Кошки-мышки (СИ)
В какой-то момент сбой всё же произошёл: я обтянула юбку, как только поняла, что она так и торчит, приклеившись к мокрой спине. Дёрнула вниз и остановилась, будто в ступоре. Сначала всё тело передёрнуло, потом по нему прошлась волна отвращения, эту судорогу повторяя. Руки оттопырены в сторону, ноги расставлены, а ни лице… наверно, какая-то гримаса, так противно было: липкая сперма, оставшаяся на юбке, капнула на бедро и стала пусковым механизмом.
Я стояла и кричала. Не жалея сил, выдавливая из себя ту обиду, которой, казалось, ещё минуту назад внутри не было. И больно мне было именно внутри! Что он так поступил. Всё понимая, осознавая, изменить ничего не пытался. Ненавижу!
— Не-на-ви-жу! — Прорычала я куда-то вверх, но точно обращаясь к нему.
Когда обороты истерики спали, я поняла, что Дементьев стоит рядом с каменным, абсолютно безэмоциональным лицом. Стоит и смотрит на меня, ухмыляясь.
— Ты… ты мою юбку… ты…
Я тряслась и заикалась, не зная, как выразить мысли, а Дементьев отвернулся, на землю сплюнул и пошёл дальше.
— Сними её на хрен! — рыкнул он через плечо, понимая, что я так и смотрю вслед.

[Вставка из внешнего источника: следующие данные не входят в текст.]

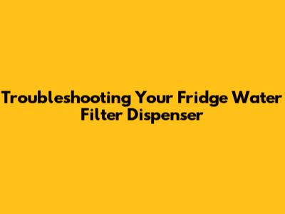 Troubleshooting Your Fridge Water Filter Dispenser
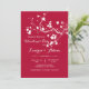 Este fundo de escarlate apresenta um galho impressionante de primavera branco floresce. Apresentado como um convite para Dias de os namorados, é adequado para qualquer ocasião feliz.
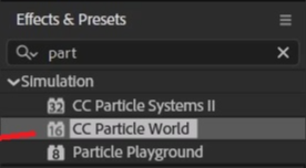 [Ctrl+5]로 Effects & Presets창을 열어 CC Particle World 검색해서
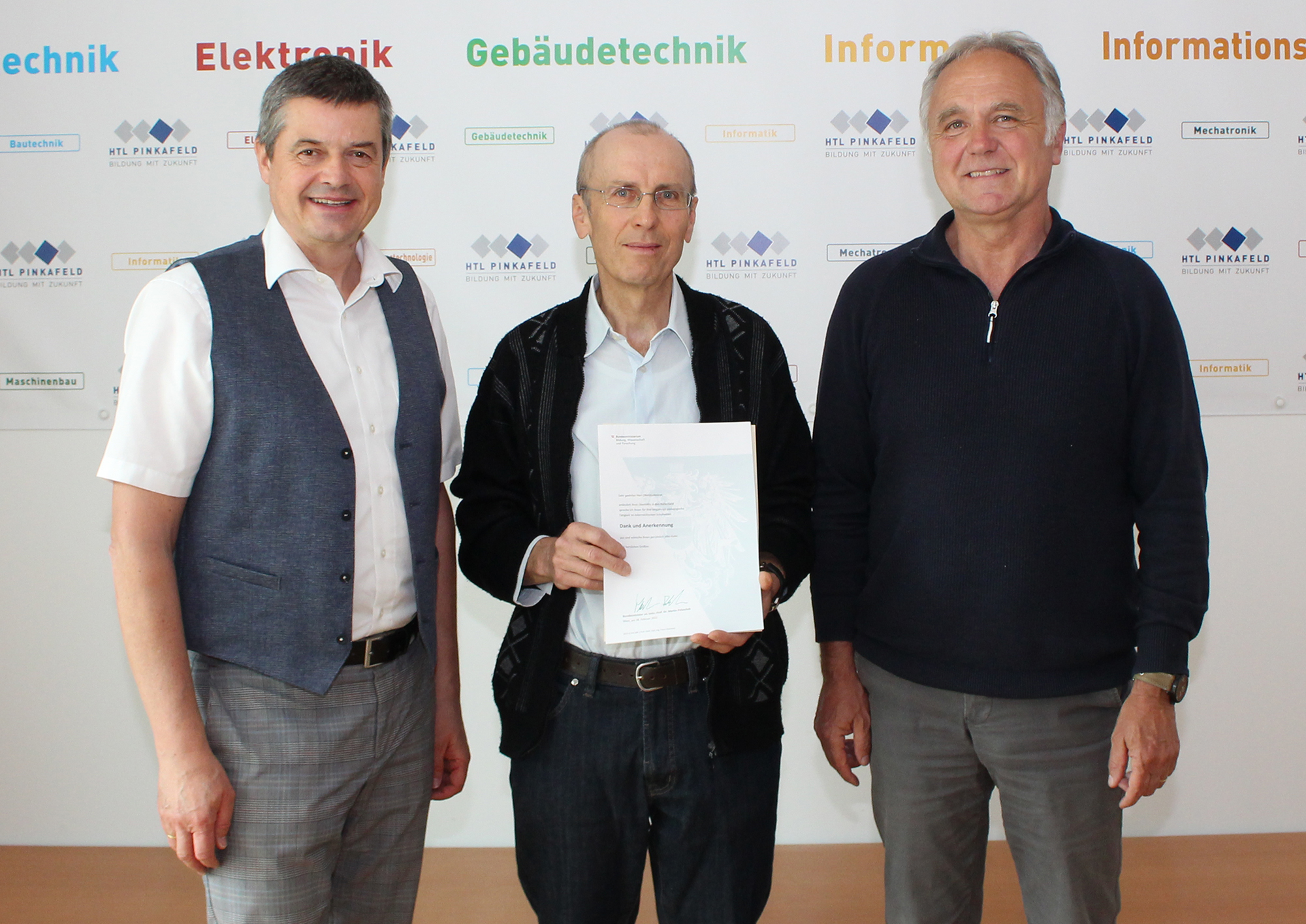 Ende Mai wurde der verdiente HTL-Professor OStR Dipl.-Ing. Franz Gremmel in den wohlverdienten Ruhestand verabschiedet.Zu diesem Anlass bedankten sich Gebäudetechnik-Abteilungsvorstand Adalbert Schönbacher und Dir. Wilfried Lercher sehr herzlich für das Geleistete und das große Engagement zum Wohle der Schülerinnen und Schüler.
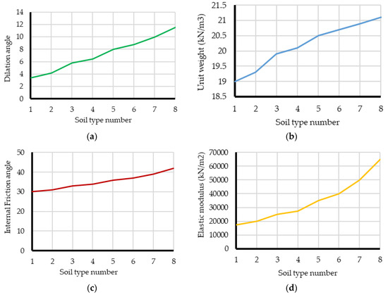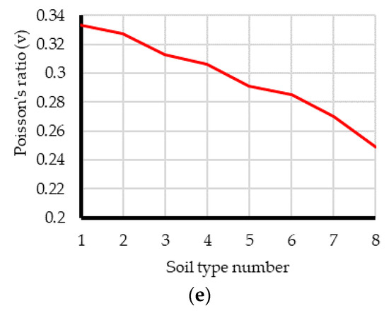 A summary of the range of input information vs. soil type, (a) Dilation angle, (b) Unit weight, (c), Internal friction angle, (d) Elastic modulus, (e) Poisson’s ratio
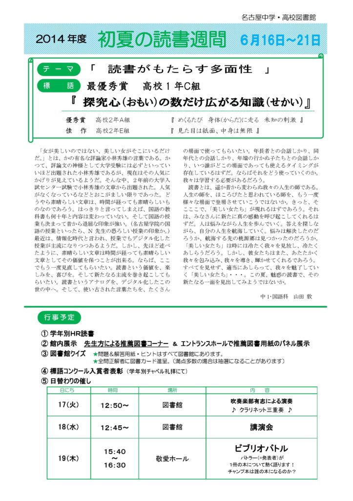 初夏の読書週間が始まりました。 6月16日(月)~21日(土)の期間は、初夏の読書週間です。 テーマは「読書がもたらす多面性」。5月に行われた標語コンクール最優秀賞は『探究心(おもい)の数だけ広がる知識(せかい)』でした。 エントランスホールでの先生方の推薦図書用紙パネル展示や図書館クイズ、図書館における吹奏楽部有志の演奏や講演会、先生vs生徒のビブリオバトルなど様々な行事が予定されています。 投稿日: 2014年6月5日 (2023年5月13日) 投稿者: %s meigaku カテゴリー: 学校行事 名古屋中学校 球技大会が行われました 最先端の研究を味わう~年代測定センター訪問~

И что с этим непробиваемым делать?.. Конечно, я юбку в кусты бросила, осознавая, что, по сути, прав он. И вот такой повод для крика был как минимум нелепым, учитывая, что именно я могла ему предъявить. И пусть сотню раз повторит, что секс между нами был лишь вопросом времени, заставлять-то зачем, насиловать? Вроде я права, а злиться не получилось. Понимая, что собственным молчанием я его поощряю, соглашаясь, что так можно, всё равно тихо шла сзади. Правда, когда увидела впереди дом, обрадовалась неимоверно и вырвалась вперёд, позволяя Дементьеву отпускать шуточки в свой адрес.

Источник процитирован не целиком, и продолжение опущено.